> [Task description]:
Copy, word for word, the lines below from the one containing "After a few" up to and including the one containing "Toys, Tommee Tippee", with pictures left out.

> [Data in this exercise]:
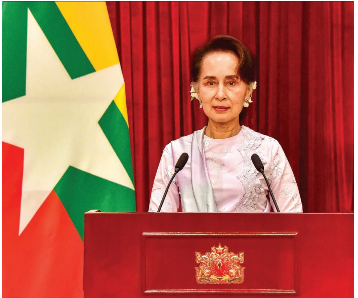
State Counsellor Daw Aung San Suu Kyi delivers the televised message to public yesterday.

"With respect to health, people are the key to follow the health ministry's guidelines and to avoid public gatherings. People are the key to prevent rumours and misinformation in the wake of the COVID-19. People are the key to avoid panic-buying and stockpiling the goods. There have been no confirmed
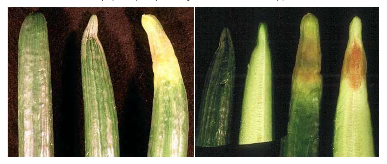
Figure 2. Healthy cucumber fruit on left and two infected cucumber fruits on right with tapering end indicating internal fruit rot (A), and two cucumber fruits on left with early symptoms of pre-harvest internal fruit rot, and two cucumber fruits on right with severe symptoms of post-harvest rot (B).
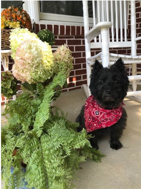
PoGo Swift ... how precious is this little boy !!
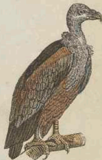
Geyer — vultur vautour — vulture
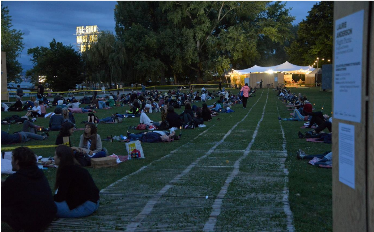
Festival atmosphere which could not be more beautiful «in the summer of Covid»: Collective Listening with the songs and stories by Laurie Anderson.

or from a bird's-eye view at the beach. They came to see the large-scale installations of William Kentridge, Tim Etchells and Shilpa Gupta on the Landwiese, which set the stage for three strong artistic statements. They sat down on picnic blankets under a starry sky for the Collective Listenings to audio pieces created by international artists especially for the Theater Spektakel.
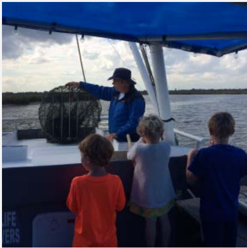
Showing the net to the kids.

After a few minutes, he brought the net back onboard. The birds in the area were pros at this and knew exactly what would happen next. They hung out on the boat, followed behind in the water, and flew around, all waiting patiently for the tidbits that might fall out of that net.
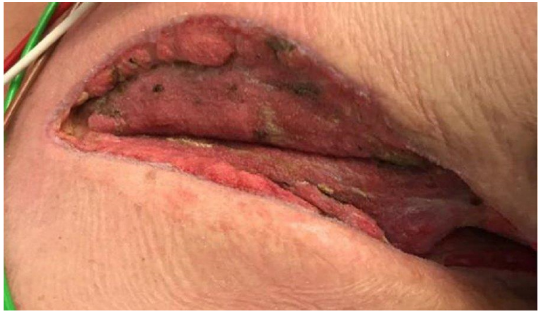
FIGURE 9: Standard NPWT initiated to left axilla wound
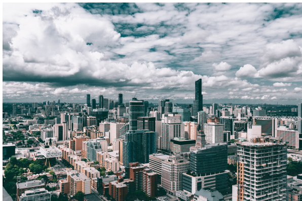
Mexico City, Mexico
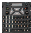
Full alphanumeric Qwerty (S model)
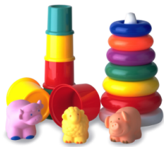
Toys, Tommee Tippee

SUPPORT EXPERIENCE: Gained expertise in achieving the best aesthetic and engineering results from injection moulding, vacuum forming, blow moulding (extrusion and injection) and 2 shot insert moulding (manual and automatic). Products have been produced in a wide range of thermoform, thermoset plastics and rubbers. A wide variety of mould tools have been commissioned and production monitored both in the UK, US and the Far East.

---

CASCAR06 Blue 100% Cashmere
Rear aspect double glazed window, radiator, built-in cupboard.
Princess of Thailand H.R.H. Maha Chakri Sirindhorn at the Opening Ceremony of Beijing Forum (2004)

==

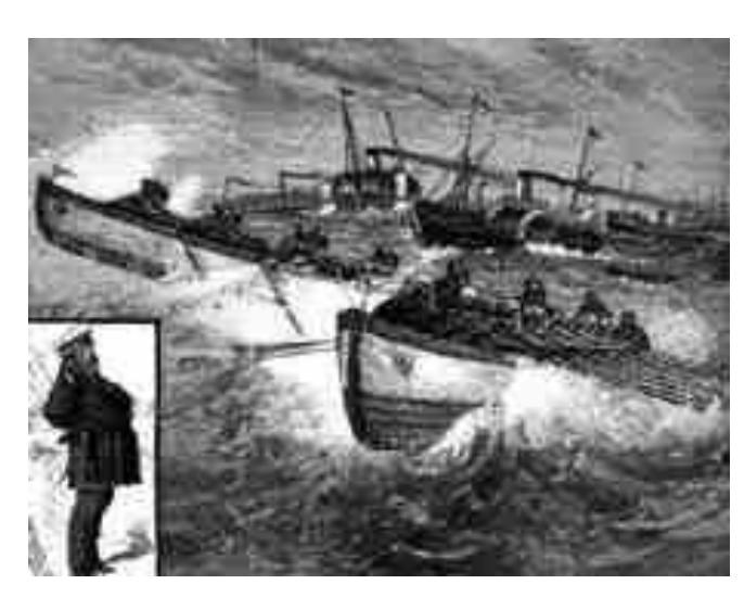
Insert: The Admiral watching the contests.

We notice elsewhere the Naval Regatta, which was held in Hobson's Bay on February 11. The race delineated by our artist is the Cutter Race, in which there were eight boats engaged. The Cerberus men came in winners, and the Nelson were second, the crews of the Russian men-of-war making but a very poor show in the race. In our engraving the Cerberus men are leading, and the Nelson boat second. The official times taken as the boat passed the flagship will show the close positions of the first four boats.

> [Your solution]:
After a few minutes, he brought the net back onboard. The birds in the area were pros at this and knew exactly what would happen next. They hung out on the boat, followed behind in the water, and flew around, all waiting patiently for the tidbits that might fall out of that net.
FIGURE 9: Standard NPWT initiated to left axilla wound
Mexico City, Mexico
Full alphanumeric Qwerty (S model)
Toys, Tommee Tippee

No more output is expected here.